Triangular Ag nanoplates have been synthesized via the seed-mediated method, which has good morphology and can be reproduced stably. The wavelength of local surface plasmon resonance (LSPR) can be easily controlled in the range of 500–900 nm. When triangular Ag nanoplates were applied to surface-enhanced Raman scattering (SERS) based on suspension aggregates and solid aggregates, the detection limit of rhodamine 6G (R6G) were greatly increased to 3.125 × 10⁻⁷ M and 10⁻¹¹ M, respectively, and there was an excellent linear relationship between the intensity of Raman peak and the concentration of R6G. In addition, when the excitation light was tuned to the LSPR wavelength, the surface plasmon resonance will be excited to the maximum extent, and the enhanced electromagnetic field will maximize the Raman scattering.

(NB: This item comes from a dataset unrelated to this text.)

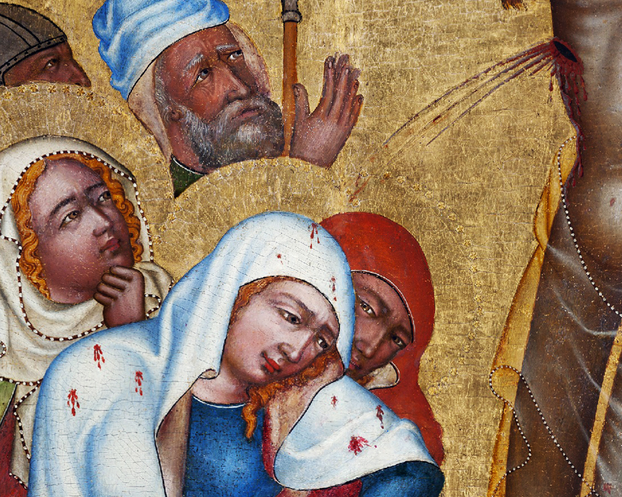 Hohenfurth Altarpiece - Crucifixion (detail), National Gallery in Prague

Furthermore, some progress has been made in the optimization of SERS by compounding graphene hydrogels in solid aggregates and adding mercapto polyethylene glycol in suspension aggregates.

已经通过种子介导的方法合成了三角形的Ag纳米板，其形态学好并且可以稳定地复制。局部表面等离子体激元共振（LSPR）的波长可以轻松控制在500–900 nm的范围内。当基于悬浮聚集体和固体聚集体将三角形Ag纳米板应用于表面增强拉曼散射（SERS）时，若丹明6G（R6G）的检测极限大大提高到3.125×10 ^-7  M和10 ^-11 分别为M和Raman峰强度与R6G浓度之间存在极好的线性关系。另外，当将激发光调谐到LSPR波长时，表面等离子体共振将被激发到最大程度，增强的电磁场将使拉曼散射最大化。此外，通过在固体聚集体中混合石墨烯水凝胶并在悬浮聚集体中添加巯基聚乙二醇，在优化SERS方面取得了一些进展。